Global warming is putting wine under threat

Alice Sholl
Contributor
Imagine working outdoors at 36C [Photo: Pexels]

We can’t ignore global warming any longer.

Particularly wine lovers, as recent analysis has revealed that it’s threatening wine production.

Increased temperatures in the Mediterranean – which from your holidays, you can probably guess was already rather warm – is becoming too hot for workers to work productively in.

Because, as you can imagine, picking grapes all day in the blistering heat isn’t easy.

Could this soon be a thing of the past? [Photo: Pexels]

Researchers analysed productivity levels of grape pickers in Cyprus, following them at different times of year to see if temperature changed things.

And when in summer, temperatures spiked at 36C, a labour loss of up to 27% was recorded.

The researchers put this down to increased exertion on workers’ cardiovascular and metabolic systems. Ouch.

And there’s the matter of working safely, too – in hotter months, workers were able to be out there in the fields 15% less as they needed more irregular and unplanned breaks.

Perhaps wine and the sun aren’t such a great mix after all [Photo: Pexels]

So increasing temperatures thanks to climate change will hardly be doing the industry any good – and could result in huge losses globally.

“Given the increase in environmental temperature during the past five millennia in regions such as the Mediterranean, the workers who currently pick the grapes carry out their jobs under adverse environmental conditions,” the study reads.

A lot of work goes into these glasses [Photo: Pexels]
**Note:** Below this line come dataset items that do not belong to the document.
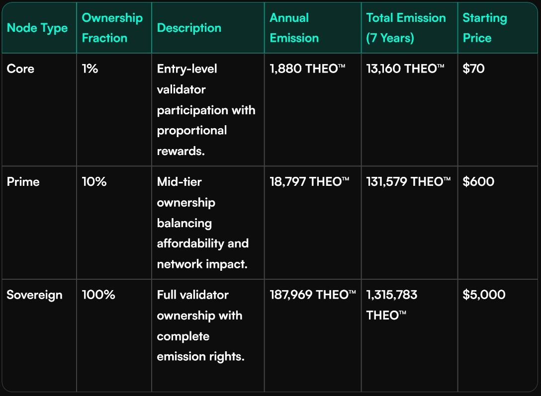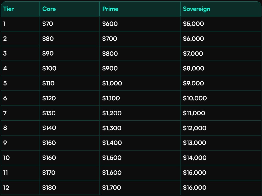 Each node type progresses through 12 pricing tiers. As earlier tiers sell out, the system automatically advances to the next, increasing price and reinforcing scarcity. This model creates both urgency and fairness — rewarding early adopters while maintaining transparent progression through the sale.
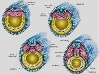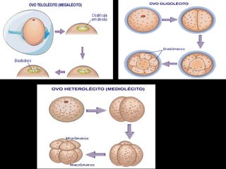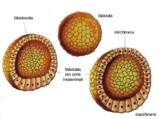 O documento descreve os principais conceitos da embriologia, incluindo os estágios de desenvolvimento embrionário, os tipos de segmentação e óvulos, os folhetos embrionários e os anexos embrionários.
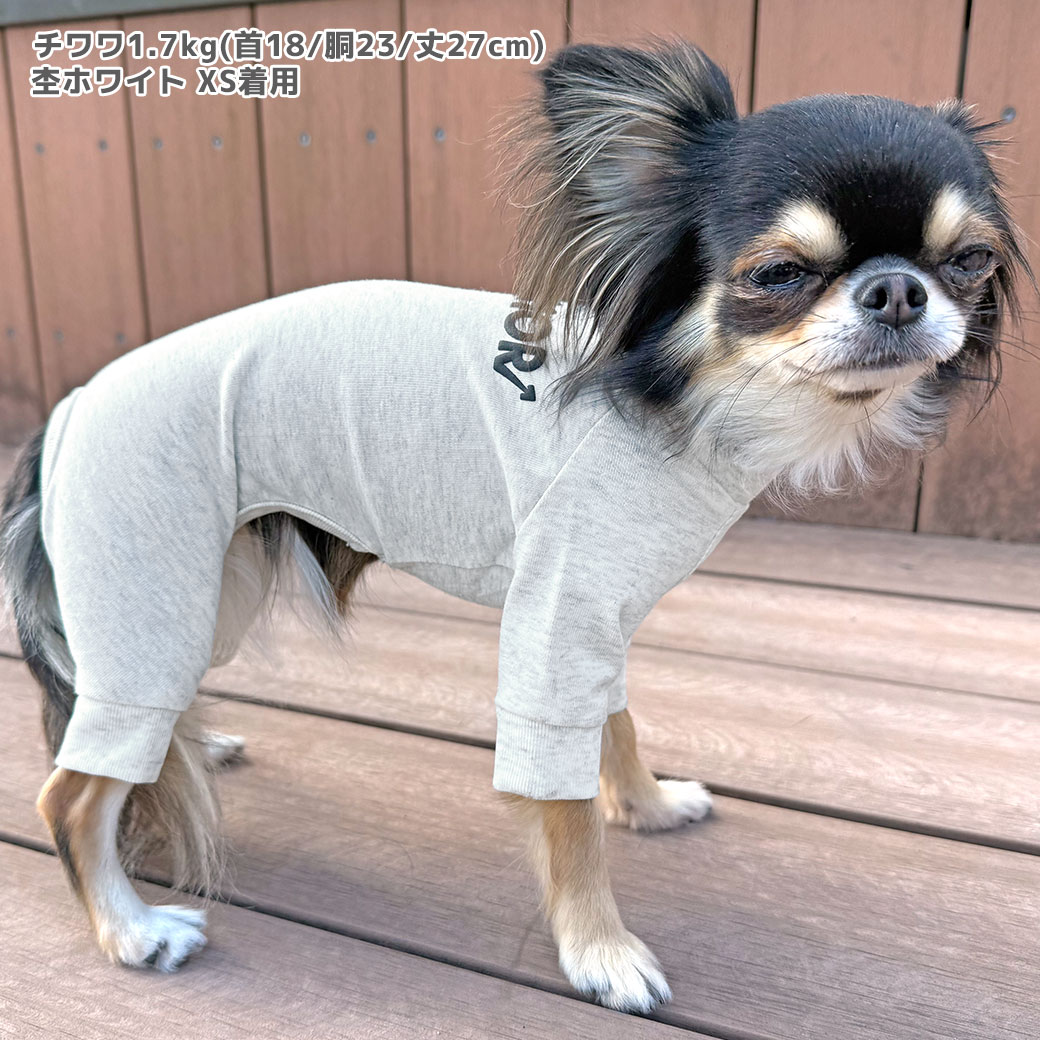 チワワ1.7kg(首18/胴23/丈27cm)のざらめちゃんは杢ホワイトのXSを着用
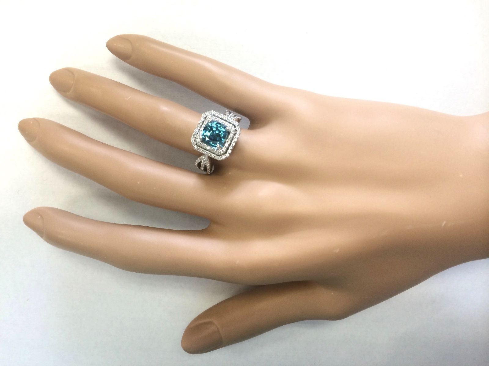 5.46 CTW Natural Blue Zircon And Diamond Ring 14k Solid White Gold

“In Cyprus, for instance, the mean maximum temperature in August (the main part of the harvest season) is around 36C.

“These working conditions would be considered a heat-wave in Central European countries such as Germany.

Considering many of us wouldn’t even sunbathe in temperatures as high as 36C, imagine doing hard labour in that heat.

Which makes having to miss out on our favourite glass of Merlot a little easier to handle.